§ **Exercise brief**
Exactly the lines from the line with "I anledning Verdensdagen" through the final line of the records below, both ends included, are to be set down. Do not include pictures.

§ **Available data**
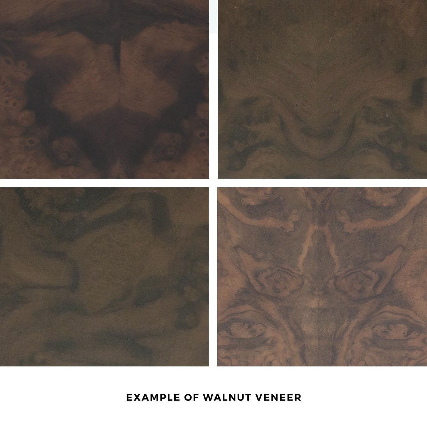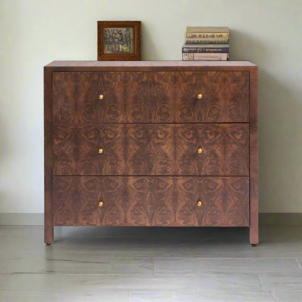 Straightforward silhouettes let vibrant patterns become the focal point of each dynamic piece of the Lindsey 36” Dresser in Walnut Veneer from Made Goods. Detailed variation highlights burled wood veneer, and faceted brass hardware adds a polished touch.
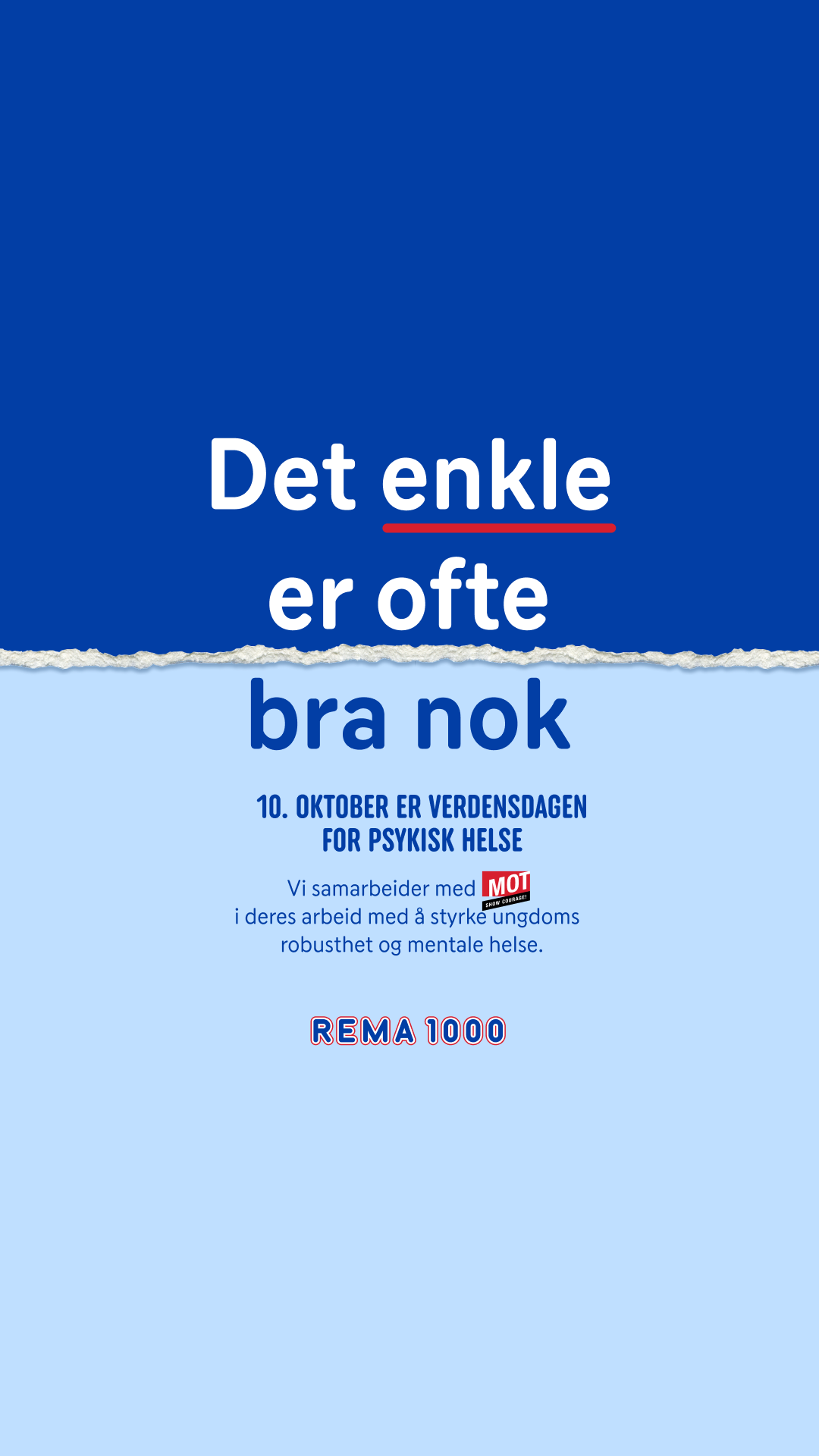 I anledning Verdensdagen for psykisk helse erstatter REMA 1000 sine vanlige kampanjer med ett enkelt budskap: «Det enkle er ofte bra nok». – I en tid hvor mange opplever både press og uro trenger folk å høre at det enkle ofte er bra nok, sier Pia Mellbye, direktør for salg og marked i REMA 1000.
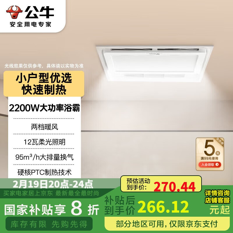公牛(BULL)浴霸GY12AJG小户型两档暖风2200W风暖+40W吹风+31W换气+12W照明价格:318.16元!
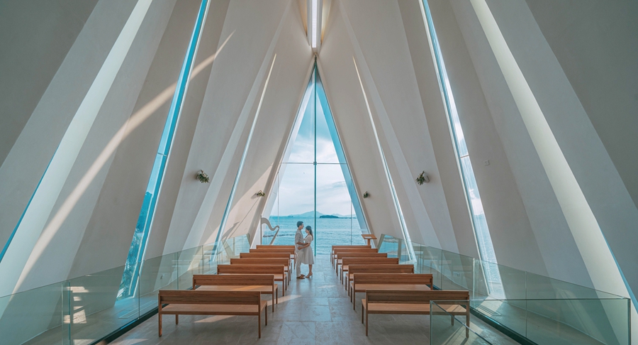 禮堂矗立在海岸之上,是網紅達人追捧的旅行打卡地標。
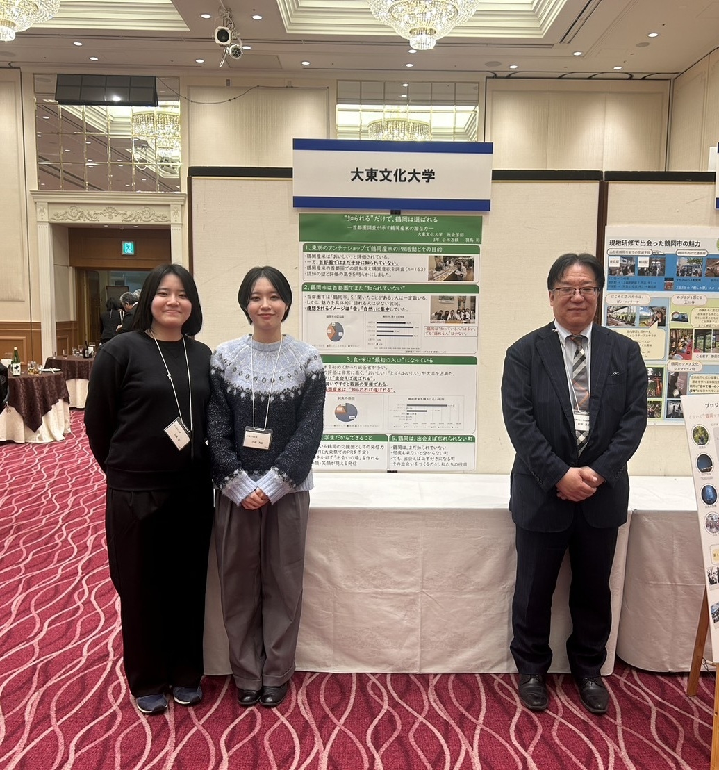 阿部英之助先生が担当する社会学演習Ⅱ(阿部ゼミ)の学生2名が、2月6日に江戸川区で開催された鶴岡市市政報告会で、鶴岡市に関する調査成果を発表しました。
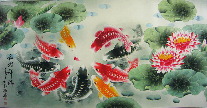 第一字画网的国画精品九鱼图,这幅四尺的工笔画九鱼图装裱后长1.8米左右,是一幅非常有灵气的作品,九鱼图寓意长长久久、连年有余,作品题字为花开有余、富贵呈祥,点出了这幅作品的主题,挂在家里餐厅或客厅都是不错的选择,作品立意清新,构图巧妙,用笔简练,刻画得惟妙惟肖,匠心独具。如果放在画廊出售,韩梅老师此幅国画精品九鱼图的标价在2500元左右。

§ **Solved problem**
 I anledning Verdensdagen for psykisk helse erstatter REMA 1000 sine vanlige kampanjer med ett enkelt budskap: «Det enkle er ofte bra nok». – I en tid hvor mange opplever både press og uro trenger folk å høre at det enkle ofte er bra nok, sier Pia Mellbye, direktør for salg og marked i REMA 1000.
公牛(BULL)浴霸GY12AJG小户型两档暖风2200W风暖+40W吹风+31W换气+12W照明价格:318.16元!
 禮堂矗立在海岸之上,是網紅達人追捧的旅行打卡地標。
 阿部英之助先生が担当する社会学演習Ⅱ(阿部ゼミ)の学生2名が、2月6日に江戸川区で開催された鶴岡市市政報告会で、鶴岡市に関する調査成果を発表しました。
 第一字画网的国画精品九鱼图,这幅四尺的工笔画九鱼图装裱后长1.8米左右,是一幅非常有灵气的作品,九鱼图寓意长长久久、连年有余,作品题字为花开有余、富贵呈祥,点出了这幅作品的主题,挂在家里餐厅或客厅都是不错的选择,作品立意清新,构图巧妙,用笔简练,刻画得惟妙惟肖,匠心独具。如果放在画廊出售,韩梅老师此幅国画精品九鱼图的标价在2500元左右。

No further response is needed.